Separation of powers

Bankinter, in its firm belief in the importance of a balance of power in decision-making processes, has established a clear separation of functions between the non-executive chairman and the chief executive officer.

While Bankinter has separated the two functions, its corporate bylaws and the Rules and Regulations of the Board of Directors allow the appointment of a coordinating or lead director from among its independent directors and of establishing his or her duties and powers. A coordinating director shall be appointed when the chairman of the board of directors is executive. In its current format, the board of directors has not needed to appoint a coordinating director from among its independent directors, with the abstention of the executive directors.

Committees of the board of directors

The board of directors has created an executive committee with delegated authority. Furthermore, it has a range of committees with supervisory, reporting, advisory and proposal powers. They are the following:

  • Audit and Regulatory Compliance committee
  • Risk committee
  • Remuneration committee
  • Appointments and Corporate Governance committee.

The Rules and Regulations of the Board of Directors defines the functions and powers designated to each committee. Furthermore, in January 2019, the board of directors approved a specific regulation for the Audit and Regulatory Compliance committee,

following the recommendations defined by the regulator and to equip it with greater functional independence. These regulations are available on the Company’s corporate website. Further, the board intends to draw up similar rules and regulations for its other committees within the next few years.
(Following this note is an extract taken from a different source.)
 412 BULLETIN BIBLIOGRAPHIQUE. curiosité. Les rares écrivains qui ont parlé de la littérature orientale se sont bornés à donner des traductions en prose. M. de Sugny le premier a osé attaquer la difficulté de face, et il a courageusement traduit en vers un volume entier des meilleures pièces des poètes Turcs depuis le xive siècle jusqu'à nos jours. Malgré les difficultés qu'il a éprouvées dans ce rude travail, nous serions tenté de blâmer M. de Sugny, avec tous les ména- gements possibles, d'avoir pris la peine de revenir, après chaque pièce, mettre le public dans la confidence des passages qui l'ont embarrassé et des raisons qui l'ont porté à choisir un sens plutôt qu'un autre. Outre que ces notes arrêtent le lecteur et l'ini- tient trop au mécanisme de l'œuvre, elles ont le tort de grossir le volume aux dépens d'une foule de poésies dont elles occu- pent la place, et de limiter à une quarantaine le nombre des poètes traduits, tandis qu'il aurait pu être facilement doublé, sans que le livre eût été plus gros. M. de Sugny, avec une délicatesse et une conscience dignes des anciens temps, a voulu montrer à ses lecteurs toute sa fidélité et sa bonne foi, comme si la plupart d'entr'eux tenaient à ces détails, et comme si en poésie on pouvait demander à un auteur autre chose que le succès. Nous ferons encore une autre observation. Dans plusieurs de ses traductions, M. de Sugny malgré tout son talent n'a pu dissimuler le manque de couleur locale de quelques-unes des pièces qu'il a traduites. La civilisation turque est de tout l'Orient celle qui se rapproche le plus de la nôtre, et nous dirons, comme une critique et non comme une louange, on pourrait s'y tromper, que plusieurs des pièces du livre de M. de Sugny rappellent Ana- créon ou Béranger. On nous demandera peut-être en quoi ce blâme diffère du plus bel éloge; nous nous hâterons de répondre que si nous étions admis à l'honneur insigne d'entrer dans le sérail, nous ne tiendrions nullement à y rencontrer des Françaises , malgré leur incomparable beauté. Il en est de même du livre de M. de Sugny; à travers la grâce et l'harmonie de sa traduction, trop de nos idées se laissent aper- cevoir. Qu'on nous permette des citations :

The board of directors has pledged to continue strengthening the composition and performance of its committees so that they may better support the board in their respective spheres of influence, according to national and international best practices. With this objective in mind, the board incorporated the new directors at the 2019 annual general meeting on the basis of their knowledge and experience. There were no departures of board committee members in 2019.
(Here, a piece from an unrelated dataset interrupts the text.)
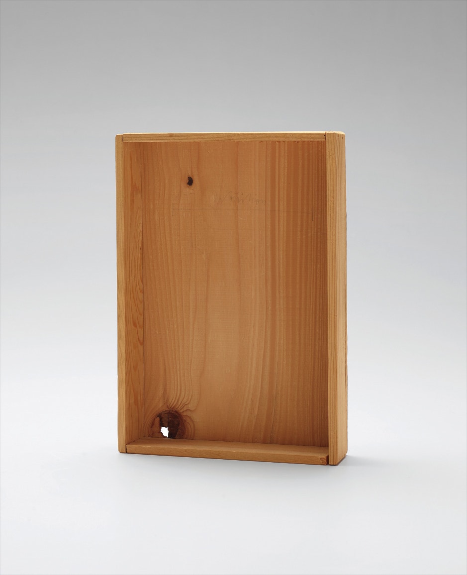 Wooden box with handwritten pencil addition.

The current composition of each committee can be consulted on the Bank's website.

Assessment of the board and its committees

The board of directors is firmly committed to improving its own operation and that of its committees. It has therefore asked an independent external expert to conduct their annual evaluation for 2019, as it was decided in 2015 that this evaluation process would be entrusted to an external expert every three years. This report contains a specific chapter on the evaluation of the board and its committees, explaining changes in their membership and remit, as well as the result or impact of those changes. No deficiencies have been detected that would have otherwise prompted the board of directors to approve an action plan to remedy them. However, certain areas for improvement were spotted that would make the governing bodies more efficient in their operation.

Director remuneration

The main principles and components of director remuneration are detailed in the director remuneration policy for 2019, 2020 and 2021, approved at the annual general meeting held in March 2019. A description is also found in the annual director remuneration report that is submitted for consultation at the annual general meeting each year.

Both the director remuneration report and the annual report provide individualised information on the remuneration received by each director, showing the amounts corresponding to each remuneration item. These items appear also individually in the report as well as the remuneration that corresponds to the executive duties entrusted to the Bank's executive directors.